Si Baghdadi est tué, le califat et la Bay’a dont il a bénéficié vont s’effondrer, à la manière de la dynastie de Daech maintenant mise en lambeaux. Par conséquent, l’heure d’AQ viendra, parce qu’il est plus fort que Daech et possède une base solide et énormément d’expérience à son actif, contrairement aux militants de Daech, victimes d’un brasier qui les a consumés. Il convient de noter que les groupes terroristes religieux n’ont pas de structure hiérarchique (sous la direction d’un chef qui maintient l’unité du groupe qui se défait si ce chef disparaît), mais plutôt une structure horizontale (bien des successeurs peuvent remplacer le chef s’il meurt ou se retire) : il y a toujours un nouvel émir capable de diriger le groupe. Mais dans le cas du « calife » Baghdadi, la Bay’a lui a été accordée pour son « État », pour la saisie du territoire sous son contrôle et pour l’argent qu’il a investi dans d’autres wilayats partout dans le monde. Une fois Baghdadi parti, le noyau de Daech, qui perd du terrain au Moyen-Orient, qui ne peut plus atteindre Bagdad et Damas (l’ancien centre du califat islamique) et qui n’a plus d’argent à distribuer (Daech garde sûrement des fonds en vue de resurgir d’une façon ou d’une autre, sans toutefois en avoir assez pour en distribuer), sera plus faible que tous les groupes qui lui sont affiliés à l’extérieur du Moyen-Orient, aussi peu importants soient-ils.

L’ère de Zarqaoui (qui trouvait Ben Laden trop conciliant!) « al-Thab’bah » (le boucher) et de Baghdadi après lui (qui s’en est pris à Zawahiri et l’a rabaissé) s’achève. Le même danger menace AQ. Les deux groupes sont donc forcés de collaborer sans nécessairement fusionner. Daech l’entêté ne peut se plier aux volontés de l’émir d’AQ Abou Mohammed al-Joulani, qui a flirté avec les athées de l’Armée syrienne libre et toléré la présence de groupes à la croyance « faible » (parmi les groupes islamiques combattant au sein des forces rebelles syriennes loyales à la Turquie, au Qatar, à l’Arabie saoudite à la Jordanie et aux USA). Daech devra composer avec Zawahiri et son cercle restreint au Levant.

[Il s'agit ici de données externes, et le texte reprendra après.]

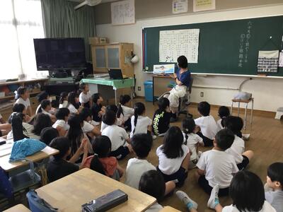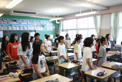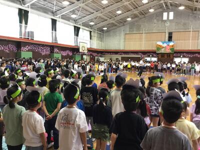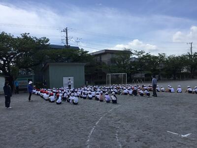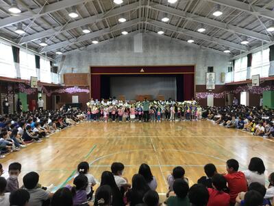 生活担当の先生からは、「なつやすみ」にちなんで「夏休みを楽しく過ごそう」「ついていかない、知らない人に」「やるぞ!勉強、お手伝い」「水分補給をしよう」「みんなそろって楽しい夏休みを過ごし、2学期に元気に会いましょう」という話がありました。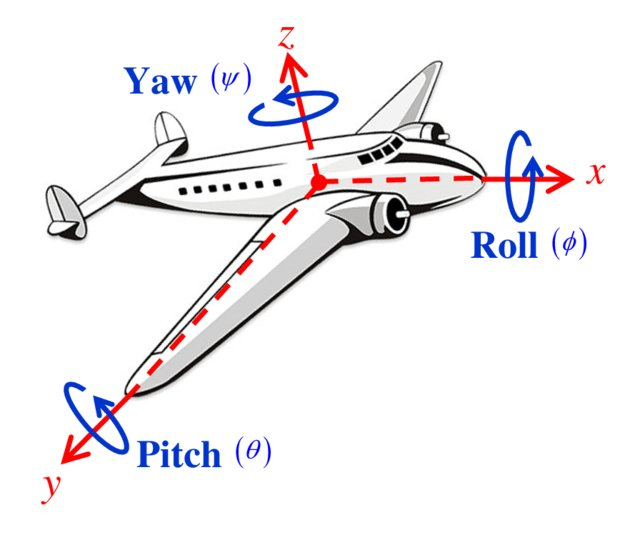 오일러 각도는 서로 다른 3개의 축을 이용해 회전을 분해하여 표현하는 방법이다. 회전하는 순서에 따라 다양한 정의 방법이 있다. 예를 들어 $X$축 중심 회전 → $Y$축 중심 회전 → $Z$축 중심 회전하면 $XYZ$축 회전이 발생한다. 마찬가지로 $ZYZ, ZYX$등 다양한 회전 방법을 정의할 수 있다. 일반적으로는 $ZYX$ 회전 (yaw-pitch-roll)이 사용된다.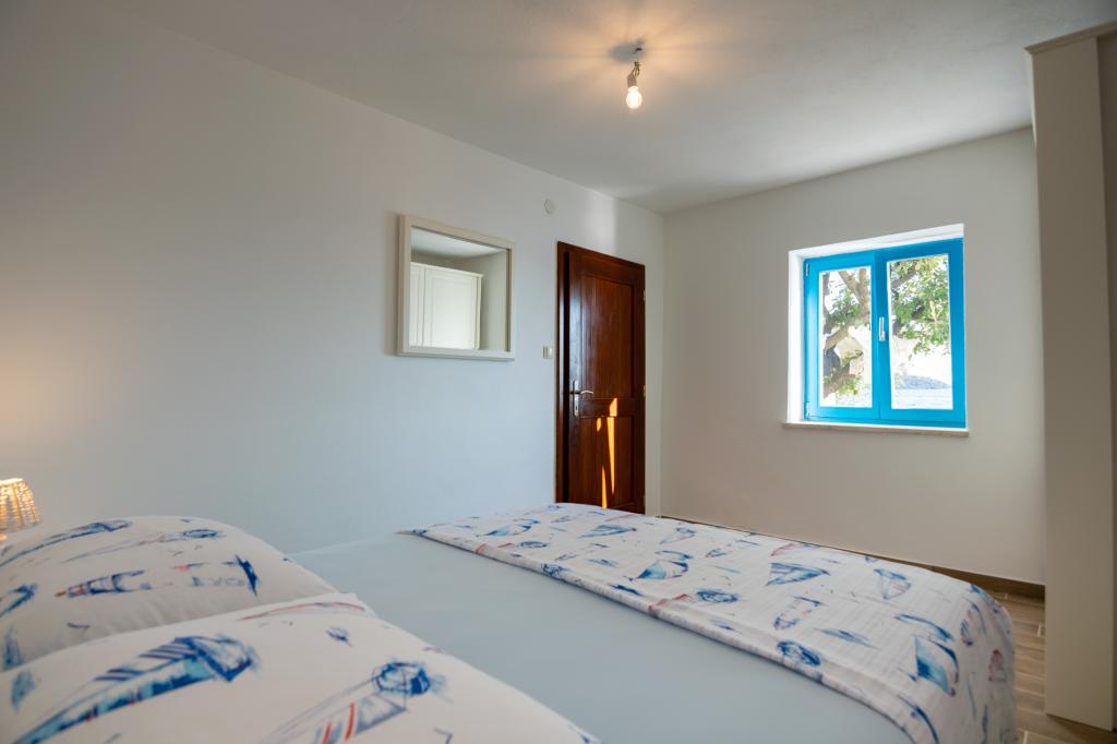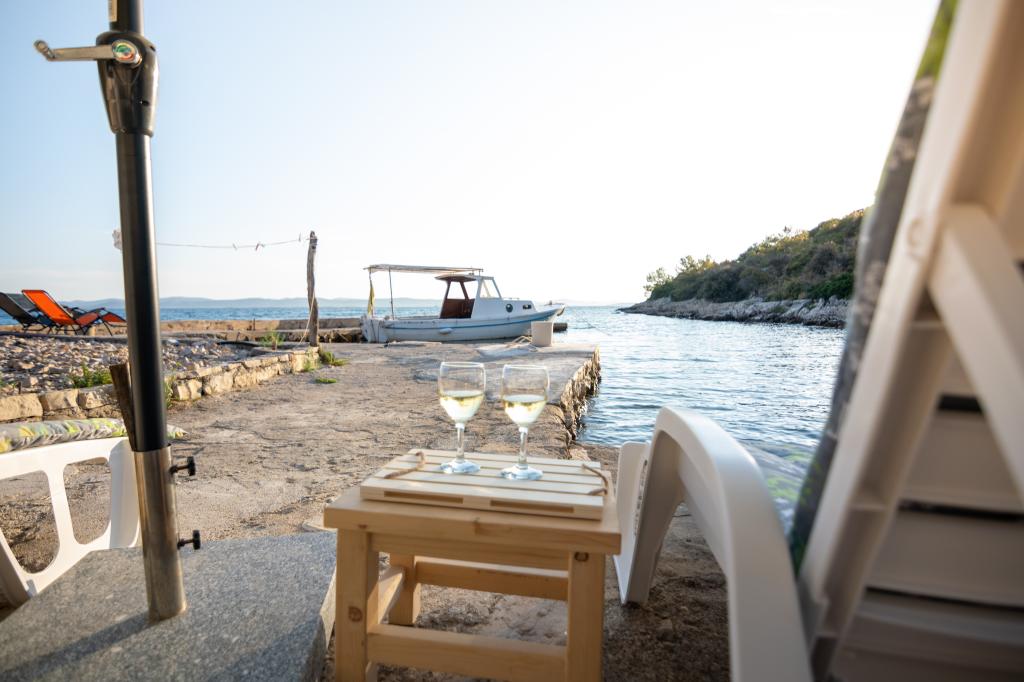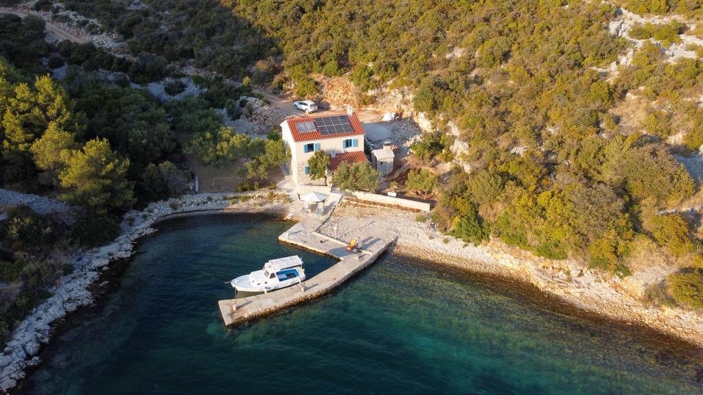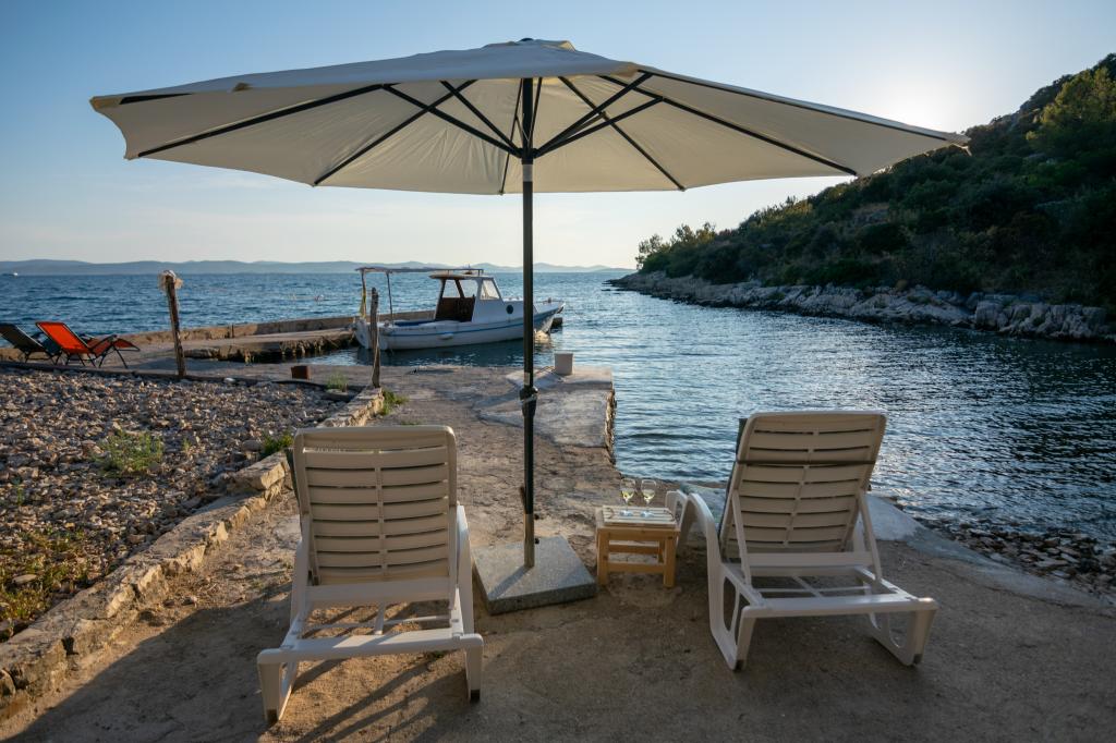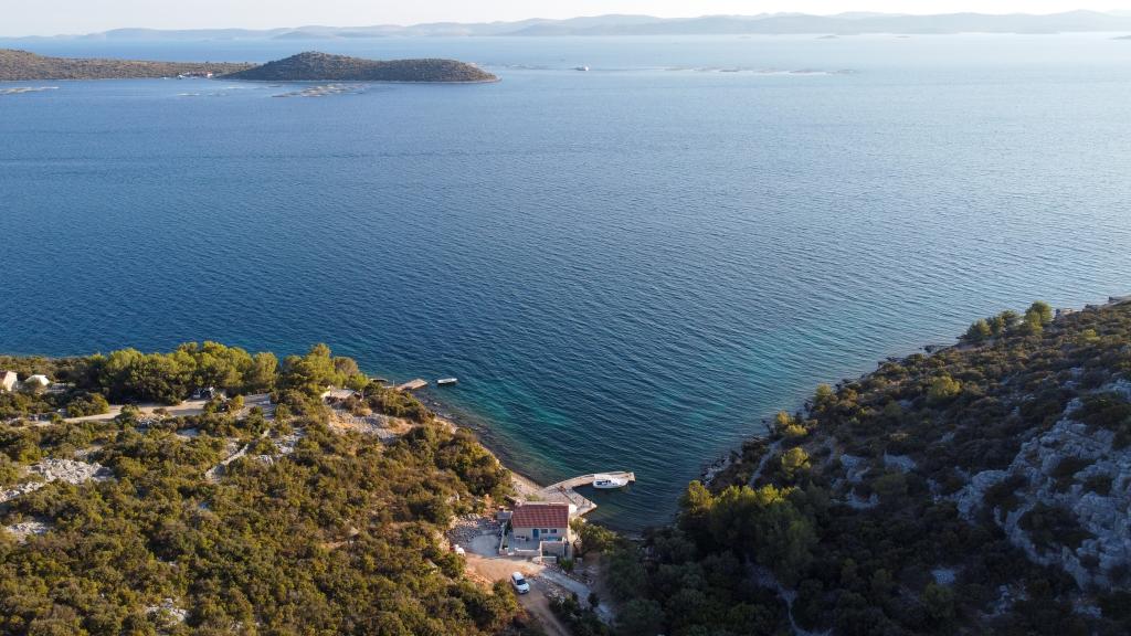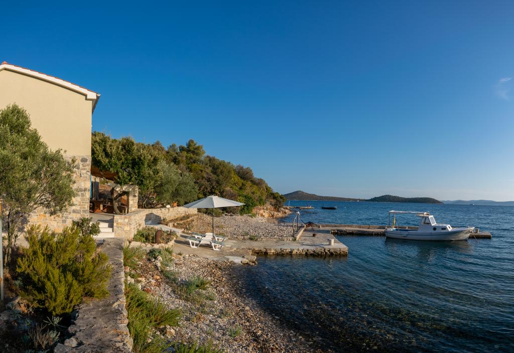 Villa Kovačeva ist das perfekte Haus für einen Traumurlaub. Das Haus liegt auf der Südseite der Insel Pašman mit einem wunderschönen Blick auf den Nationalpark Kornati. Die besondere Bedeutung und Besonderheit der Unterkunft ergibt sich aus ihrer außergewöhnlichen Lage und Position neben dem Strand selbst und einem sicheren Hafen für das Boot. Das Haus ist 110 Quadratmeter groß und verfügt über zwei Schlafzimmer und ein Badezimmer im Obergeschoss und ein Schlafzimmer, ein Wohnzimmer, eine Küche und ein Badezimmer im Untergeschoss. Das Haus ist mit Hilfe von Solarenergie völlig energieautark und mit allen Geräten (Klimaanlage, WLAN, Waschmaschine, TV...) ausgestattet. Die Zufahrtsstraße zum Haus ist in Privatbesitz - eine Eingangsrampe 150 Meter vom Haus entfernt, die absolute Diskretion und einen ruhigen Aufenthalt ermöglicht. Direkt neben dem Haus befindet sich ein Parkplatz für mehrere Autos. Die Unterkunft bietet keine Betreuung für Haustiere.

Daech est préparé en vue des « jours sombres ». Il a maintenant perdu toutes ses sources de richesse (la plupart des gisements pétroliers sont en train de passer aux mains des gouvernements syrien et irakien) et ne peut plus imposer les taxes du temps de son règne, qui garnissaient ses coffres de millions de dollars chaque jour. Mais ses dirigeants sont prêts à affronter l’ère qui suivra la défaite, surtout depuis la bataille de Mossoul (Irak) et la chute de Palmyre et de Deir Ezzor (Syrie).

Comme rapporté précédemment, les deux groupes doivent assainir leurs différences et trouver un terrain d’entente, ce qui n’est pas impossible dans la situation où ils se trouvent. AQ et Daech devraient collaborer, mais pas fusionner. Un front uni contre leurs ennemis est vraiment nécessaire et on devrait assister sous peu à une sorte de trêve entre les deux groupes. Malheureusement, la fin de la guerre en Syrie et en Irak ne signifie pas pour autant la fin des problèmes au Moyen-Orient.